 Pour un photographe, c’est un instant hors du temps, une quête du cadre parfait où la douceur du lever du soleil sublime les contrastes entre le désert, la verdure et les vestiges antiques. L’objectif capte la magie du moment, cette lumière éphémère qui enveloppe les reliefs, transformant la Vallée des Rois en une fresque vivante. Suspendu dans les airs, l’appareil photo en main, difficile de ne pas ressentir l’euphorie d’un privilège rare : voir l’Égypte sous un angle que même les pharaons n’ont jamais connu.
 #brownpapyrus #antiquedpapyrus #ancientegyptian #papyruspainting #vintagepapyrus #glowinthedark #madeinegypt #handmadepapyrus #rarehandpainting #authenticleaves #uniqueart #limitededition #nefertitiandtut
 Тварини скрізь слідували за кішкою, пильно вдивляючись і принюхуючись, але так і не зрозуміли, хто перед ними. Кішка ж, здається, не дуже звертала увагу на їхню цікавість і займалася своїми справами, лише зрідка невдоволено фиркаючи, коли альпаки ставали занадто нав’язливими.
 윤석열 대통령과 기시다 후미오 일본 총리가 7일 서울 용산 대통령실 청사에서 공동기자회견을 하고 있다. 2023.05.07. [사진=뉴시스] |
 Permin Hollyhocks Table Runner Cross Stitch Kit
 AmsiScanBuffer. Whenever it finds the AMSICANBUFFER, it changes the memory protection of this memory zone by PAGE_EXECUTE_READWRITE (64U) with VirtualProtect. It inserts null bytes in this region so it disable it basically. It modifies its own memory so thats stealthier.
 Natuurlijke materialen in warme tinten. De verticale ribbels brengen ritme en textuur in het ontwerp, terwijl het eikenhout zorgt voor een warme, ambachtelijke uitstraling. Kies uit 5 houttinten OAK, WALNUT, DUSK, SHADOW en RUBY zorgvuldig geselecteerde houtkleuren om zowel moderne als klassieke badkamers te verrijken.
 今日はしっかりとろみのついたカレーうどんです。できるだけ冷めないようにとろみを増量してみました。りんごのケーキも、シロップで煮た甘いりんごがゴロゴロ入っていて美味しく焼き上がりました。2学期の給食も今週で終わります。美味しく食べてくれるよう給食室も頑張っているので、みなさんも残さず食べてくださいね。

-- -- --

_Exercise details_
Set the lines down exactly, from the first line of the records to the line where "#brownpapyrus #antiquedpapyrus #ancientegyptian" appears, with both ends kept.

_Output_
 Pour un photographe, c’est un instant hors du temps, une quête du cadre parfait où la douceur du lever du soleil sublime les contrastes entre le désert, la verdure et les vestiges antiques. L’objectif capte la magie du moment, cette lumière éphémère qui enveloppe les reliefs, transformant la Vallée des Rois en une fresque vivante. Suspendu dans les airs, l’appareil photo en main, difficile de ne pas ressentir l’euphorie d’un privilège rare : voir l’Égypte sous un angle que même les pharaons n’ont jamais connu.
 #brownpapyrus #antiquedpapyrus #ancientegyptian #papyruspainting #vintagepapyrus #glowinthedark #madeinegypt #handmadepapyrus #rarehandpainting #authenticleaves #uniqueart #limitededition #nefertitiandtut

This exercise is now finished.